AIM OF THE TASK: From the line holding "O resultado do" through the line holding "light bulb, futuristic" below, write out every line exactly; include both of those lines and drop the pictures.

GIVEN DATA:
————————
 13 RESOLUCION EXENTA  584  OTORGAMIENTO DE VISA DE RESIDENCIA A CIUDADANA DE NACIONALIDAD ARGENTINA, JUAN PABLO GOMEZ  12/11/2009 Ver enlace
————————
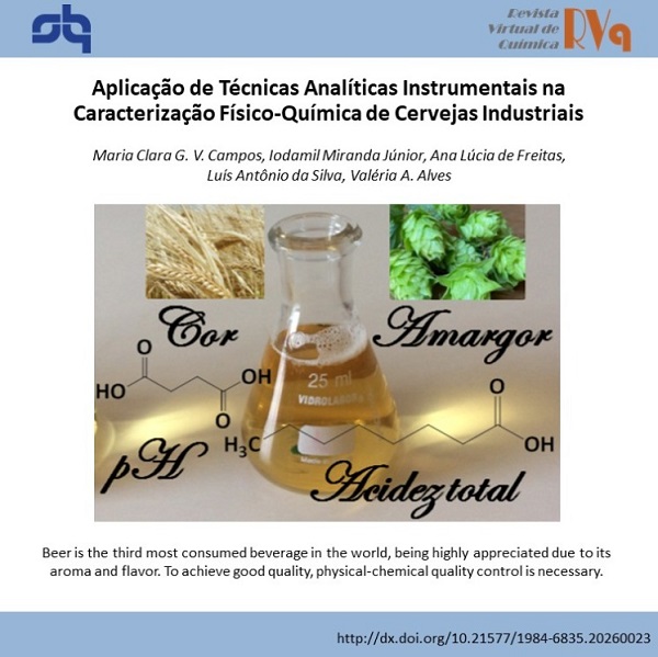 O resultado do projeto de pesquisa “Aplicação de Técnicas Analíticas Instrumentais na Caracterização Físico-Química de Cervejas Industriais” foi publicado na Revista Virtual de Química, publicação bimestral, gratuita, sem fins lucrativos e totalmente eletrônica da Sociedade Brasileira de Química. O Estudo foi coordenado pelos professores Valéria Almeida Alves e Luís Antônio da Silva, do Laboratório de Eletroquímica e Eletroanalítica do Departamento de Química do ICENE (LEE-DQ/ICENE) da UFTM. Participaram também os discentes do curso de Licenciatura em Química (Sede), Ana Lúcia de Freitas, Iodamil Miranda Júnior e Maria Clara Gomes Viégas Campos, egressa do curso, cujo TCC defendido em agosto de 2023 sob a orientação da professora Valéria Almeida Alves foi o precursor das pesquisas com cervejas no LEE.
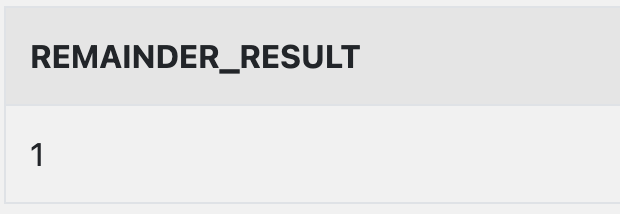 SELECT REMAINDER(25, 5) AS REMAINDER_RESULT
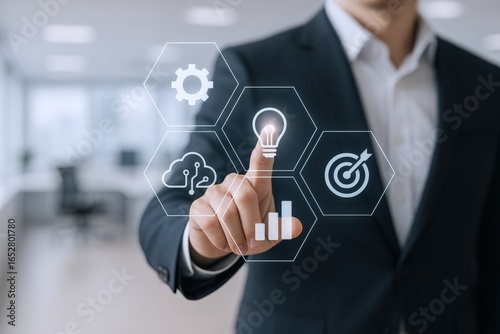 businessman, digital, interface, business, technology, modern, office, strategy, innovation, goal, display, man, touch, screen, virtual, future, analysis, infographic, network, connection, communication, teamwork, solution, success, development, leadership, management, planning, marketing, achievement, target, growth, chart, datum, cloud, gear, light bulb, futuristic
————————
ANSWER FOR THE TASK:
 O resultado do projeto de pesquisa “Aplicação de Técnicas Analíticas Instrumentais na Caracterização Físico-Química de Cervejas Industriais” foi publicado na Revista Virtual de Química, publicação bimestral, gratuita, sem fins lucrativos e totalmente eletrônica da Sociedade Brasileira de Química. O Estudo foi coordenado pelos professores Valéria Almeida Alves e Luís Antônio da Silva, do Laboratório de Eletroquímica e Eletroanalítica do Departamento de Química do ICENE (LEE-DQ/ICENE) da UFTM. Participaram também os discentes do curso de Licenciatura em Química (Sede), Ana Lúcia de Freitas, Iodamil Miranda Júnior e Maria Clara Gomes Viégas Campos, egressa do curso, cujo TCC defendido em agosto de 2023 sob a orientação da professora Valéria Almeida Alves foi o precursor das pesquisas com cervejas no LEE.
 SELECT REMAINDER(25, 5) AS REMAINDER_RESULT
 businessman, digital, interface, business, technology, modern, office, strategy, innovation, goal, display, man, touch, screen, virtual, future, analysis, infographic, network, connection, communication, teamwork, solution, success, development, leadership, management, planning, marketing, achievement, target, growth, chart, datum, cloud, gear, light bulb, futuristic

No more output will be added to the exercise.